__Task description__. Keep the pictures out, please, and set down every record exactly.
==*==
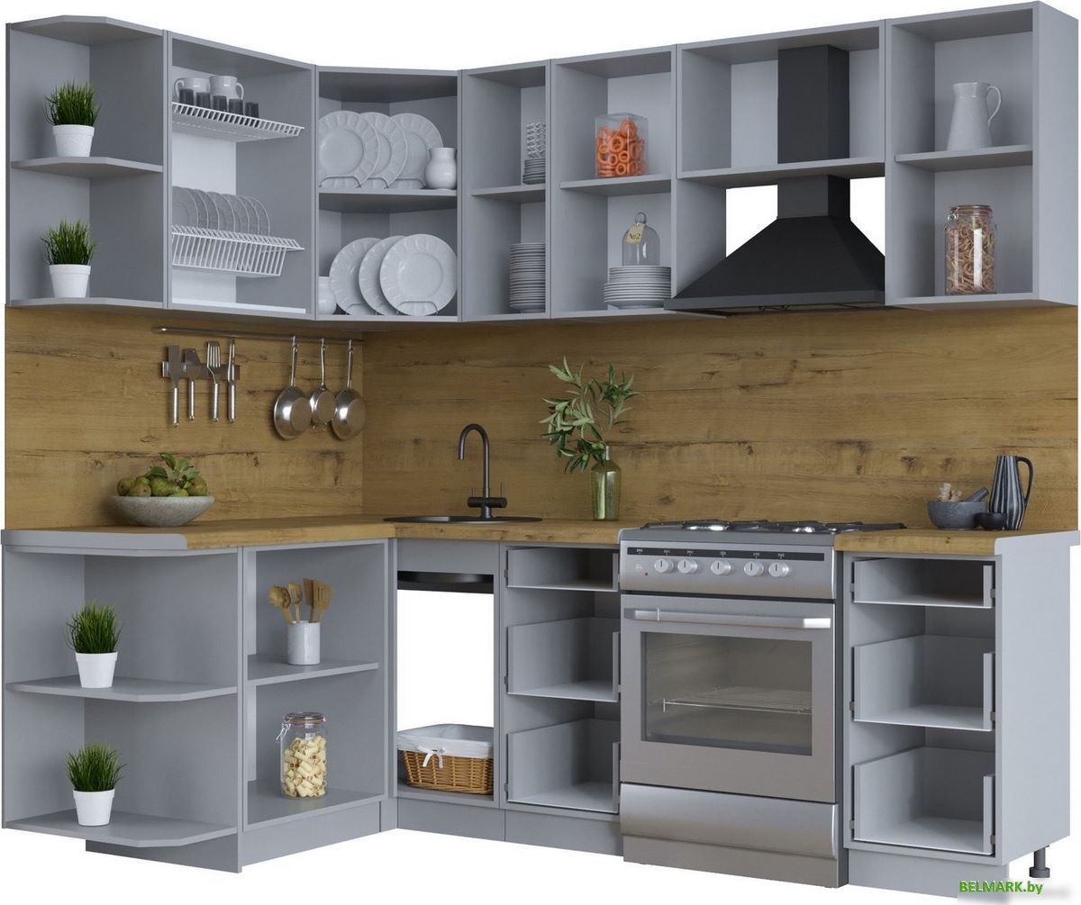 Код товара: 4302398 Рейтинг: 337 45| угловая, длина 230 см, ширина 150 см, каркас ЛДСП, фасад МДФ пленочный, установка мойки: врезная мойка
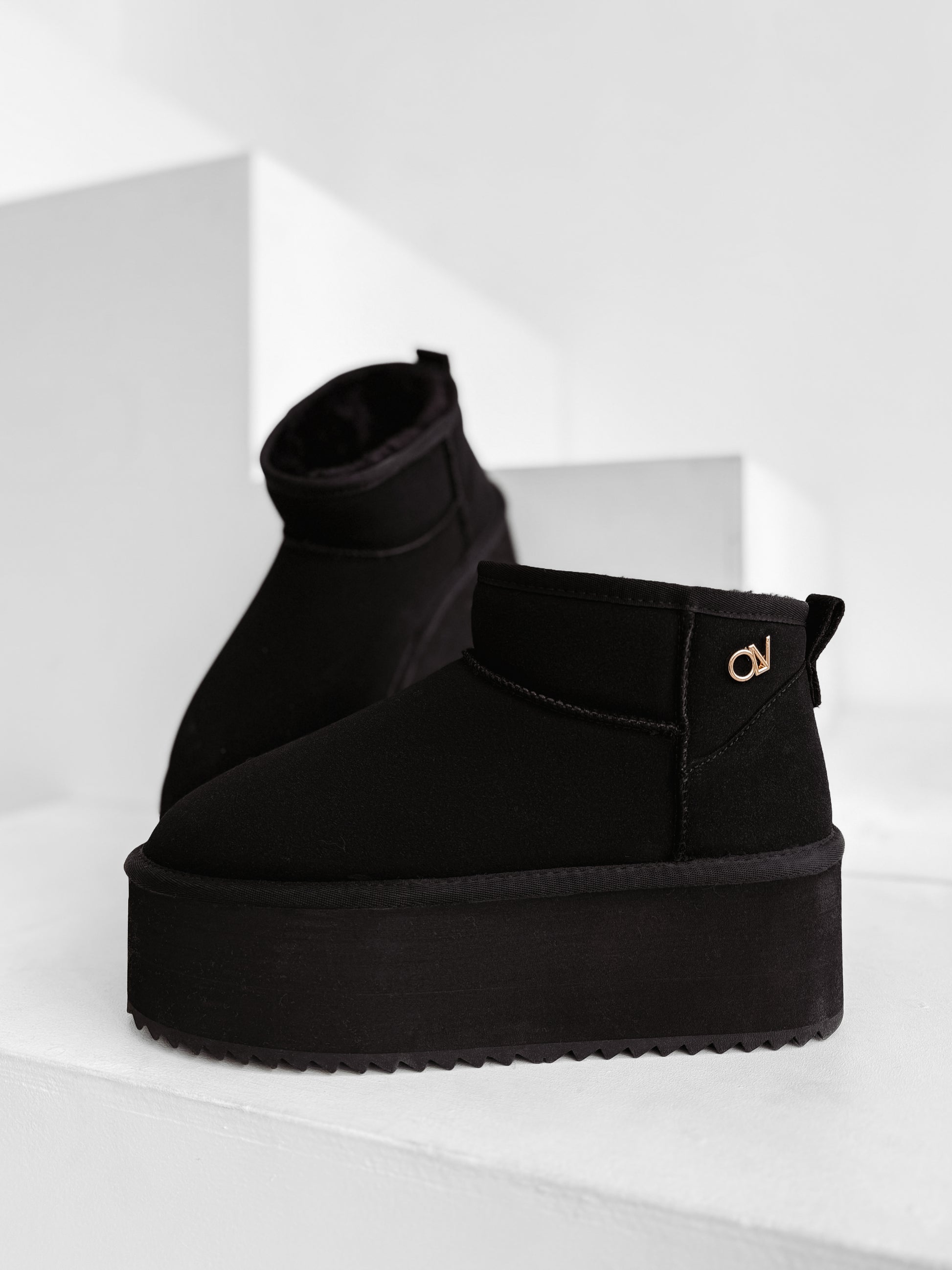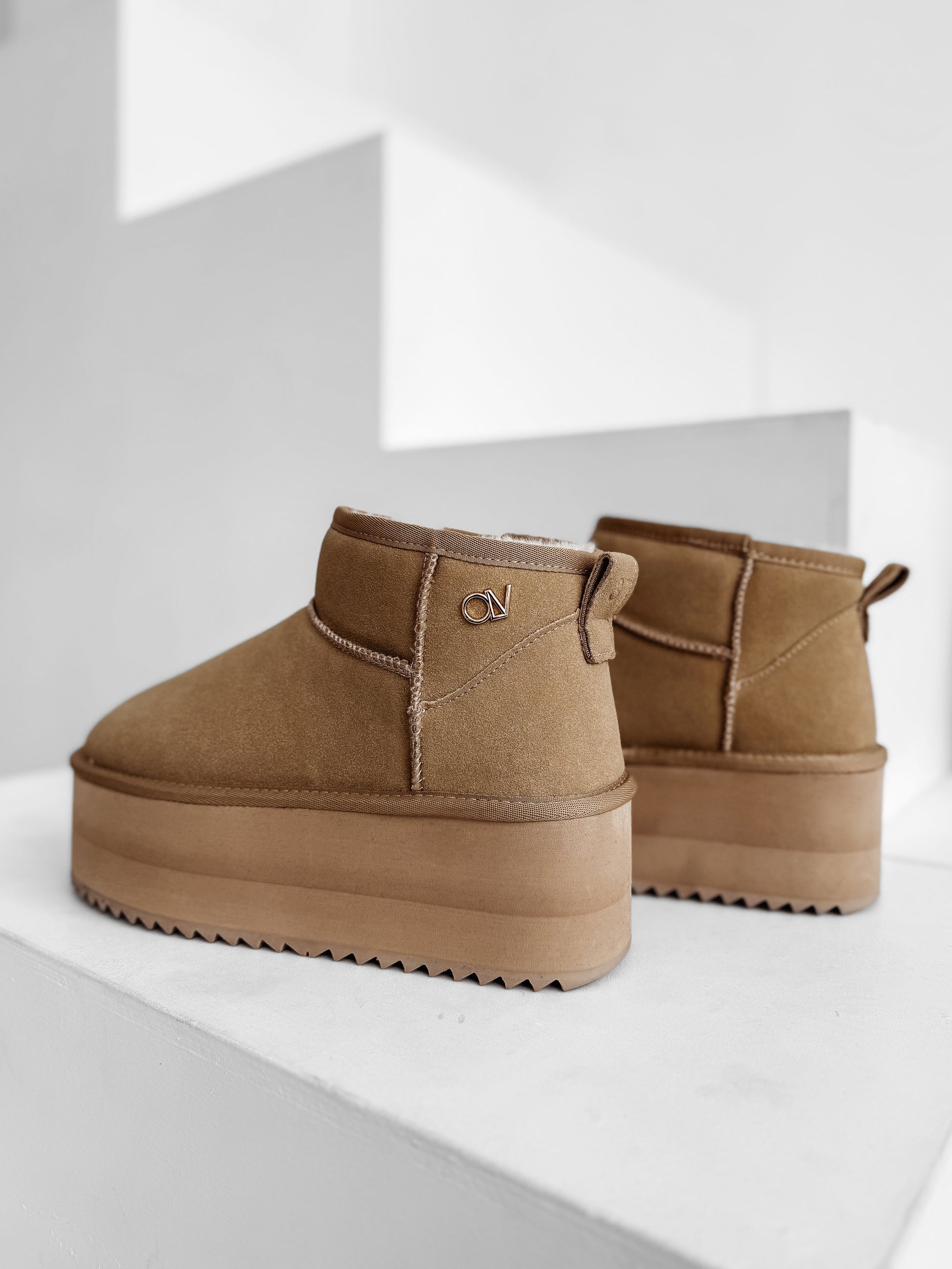 Modern platform mini boots with a sleek, minimalist silhouette. Made from matte eco-suede and lined with soft faux fur for extra warmth and comfort. Set on a chunky platform sole with an anti-slip tread. Finished with a subtle gold OLAVOGA logo detail on the side.
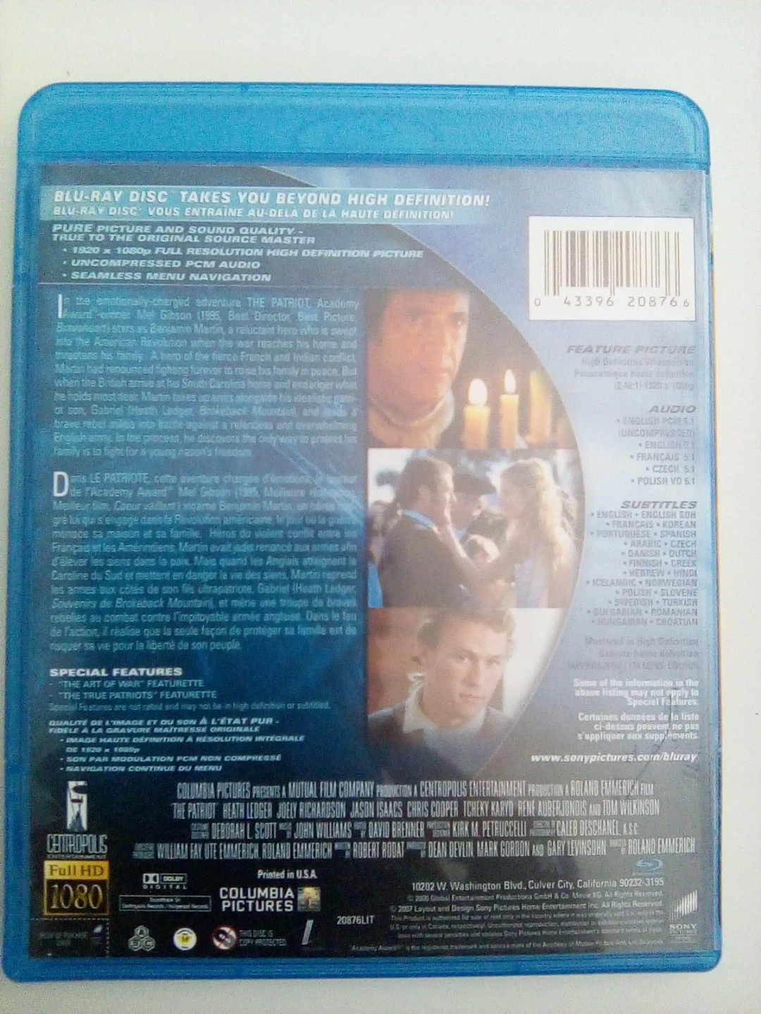 This is the extended cut of the Blu-Ray disc for the movie "The Patriot". It offers full HD resolution and includes seamless menu navigation. Audio options include English, French, and Spanish.
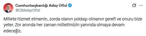 "Millete hizmet etmenin, zorda olanın yoldaşı olmanın şerefi ve onuru bize yeter. Zor anında her zaman milletimizin yanında olmaya devam edeceğiz."
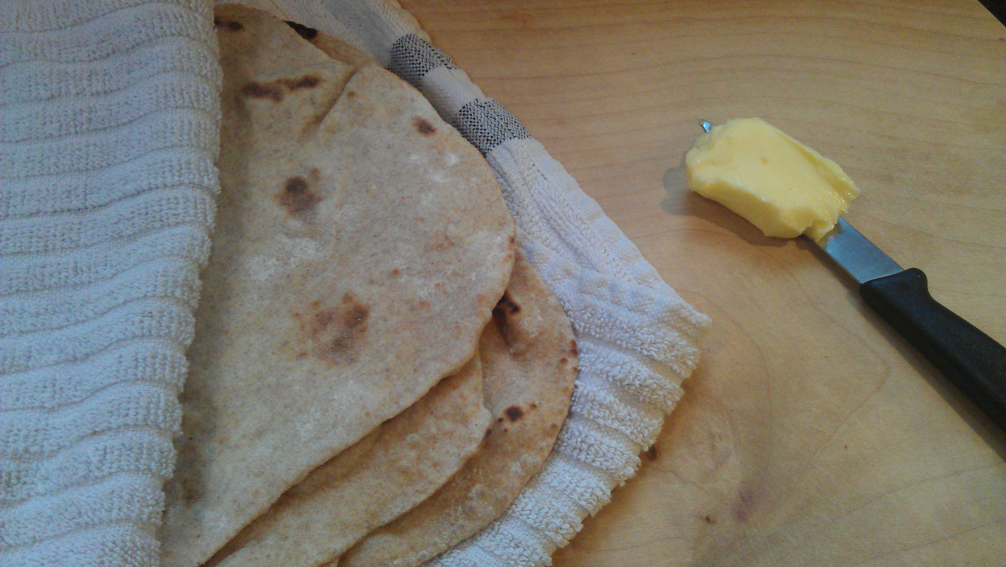 Whole wheat and spelt tortillas. The butter goes in the chicken dish, but buttered tortillas are not a bad idea.
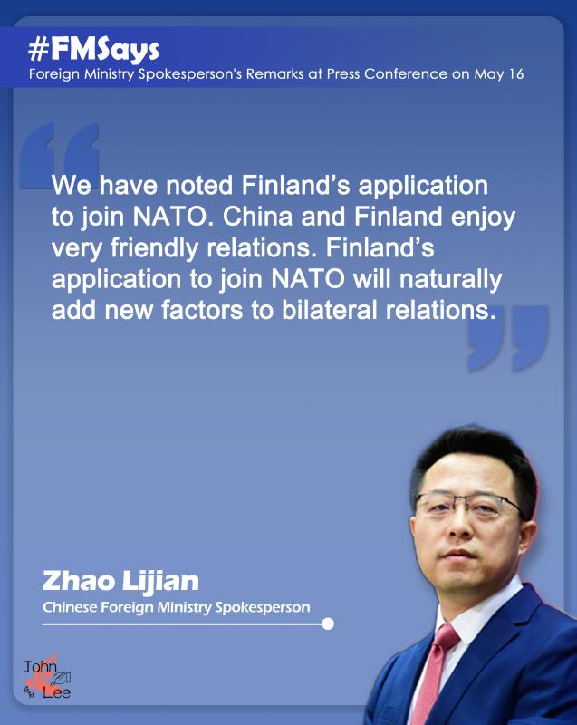 China says new factors will add to bilateral ties as Finland seeks NATO membership(1/1)
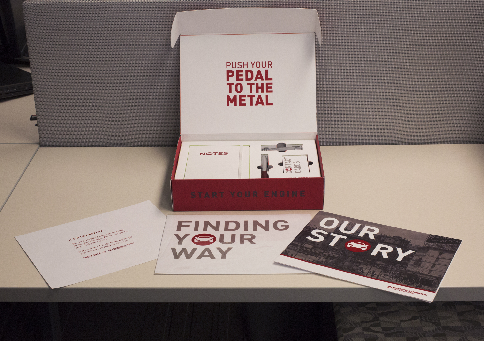 Design and creative direction for an Employee Welcome Kit to help new hires get settled upon starting with the company
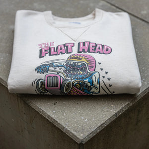 The Flat Head loopwheeled sweater is already a sensation due to its plush softness and substantial weight, even before factoring in the stunning 'Kamikaze' custom car culture-inspired print design. Made from 12oz loopwheeled fabric crafted from extra-thick yarns and brushed on the inside, it offers exceptional comfort. Vintage details like Union Special flat-seam construction, the V-gusset, and double-needle stitching around the ribbed neckline complete this remarkable essential. Honestly, every day you can't wear this sweatshirt will be a sad day – believe us!
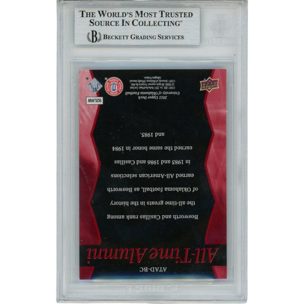 The number in the listing title is just an inventory sku for our records and is not the authentication number. The item pictured is a stock photo unless otherwise noted. This is an Oklahoma Sooners Upper Deck slabbed trading card that was personally autographed by Brian Bosworth and Tony Casilla. Includes a certificate of authenticity from Beckett Authentication Services (BAS) and Denver Autographs.FREE SHIPPING within the USA on orders over $10!
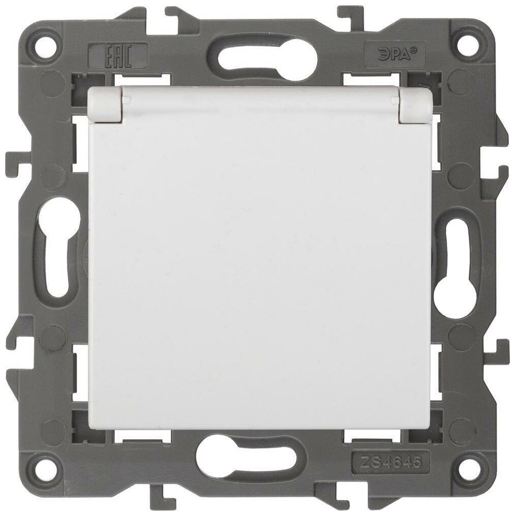 Розетка ЭРА Elegance 1м с заземлением, с крышкой 16A-250В, IP20 белая 14-2103-01, Б0034278
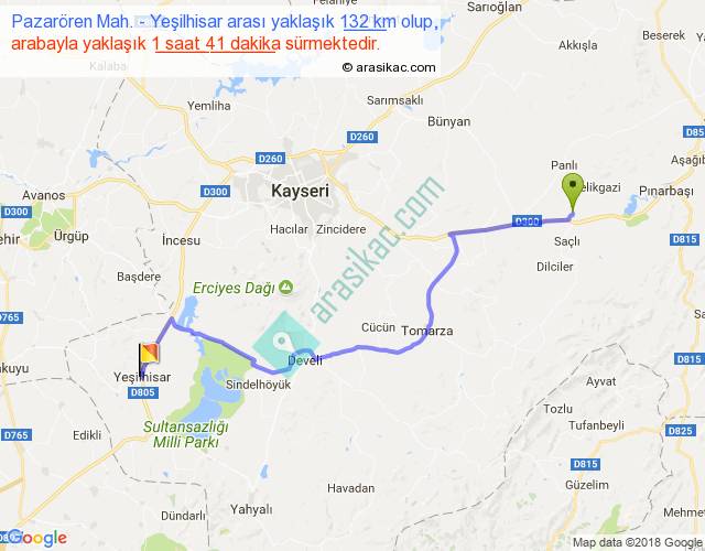 Pazarören Mah. - Yeşilhisar arası detaylı bilgi
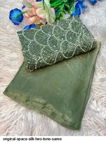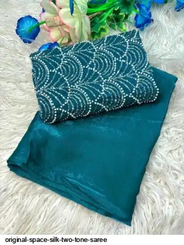 Original space silk two tone fabric with handwork trending blouse party wear saree
==*==
__The answer__.
 Код товара: 4302398 Рейтинг: 337 45| угловая, длина 230 см, ширина 150 см, каркас ЛДСП, фасад МДФ пленочный, установка мойки: врезная мойка
 Modern platform mini boots with a sleek, minimalist silhouette. Made from matte eco-suede and lined with soft faux fur for extra warmth and comfort. Set on a chunky platform sole with an anti-slip tread. Finished with a subtle gold OLAVOGA logo detail on the side.
 This is the extended cut of the Blu-Ray disc for the movie "The Patriot". It offers full HD resolution and includes seamless menu navigation. Audio options include English, French, and Spanish.
 "Millete hizmet etmenin, zorda olanın yoldaşı olmanın şerefi ve onuru bize yeter. Zor anında her zaman milletimizin yanında olmaya devam edeceğiz."
 Whole wheat and spelt tortillas. The butter goes in the chicken dish, but buttered tortillas are not a bad idea.
 China says new factors will add to bilateral ties as Finland seeks NATO membership(1/1)
 Design and creative direction for an Employee Welcome Kit to help new hires get settled upon starting with the company
 The Flat Head loopwheeled sweater is already a sensation due to its plush softness and substantial weight, even before factoring in the stunning 'Kamikaze' custom car culture-inspired print design. Made from 12oz loopwheeled fabric crafted from extra-thick yarns and brushed on the inside, it offers exceptional comfort. Vintage details like Union Special flat-seam construction, the V-gusset, and double-needle stitching around the ribbed neckline complete this remarkable essential. Honestly, every day you can't wear this sweatshirt will be a sad day – believe us!
 The number in the listing title is just an inventory sku for our records and is not the authentication number. The item pictured is a stock photo unless otherwise noted. This is an Oklahoma Sooners Upper Deck slabbed trading card that was personally autographed by Brian Bosworth and Tony Casilla. Includes a certificate of authenticity from Beckett Authentication Services (BAS) and Denver Autographs.FREE SHIPPING within the USA on orders over $10!
 Розетка ЭРА Elegance 1м с заземлением, с крышкой 16A-250В, IP20 белая 14-2103-01, Б0034278
 Pazarören Mah. - Yeşilhisar arası detaylı bilgi
 Original space silk two tone fabric with handwork trending blouse party wear saree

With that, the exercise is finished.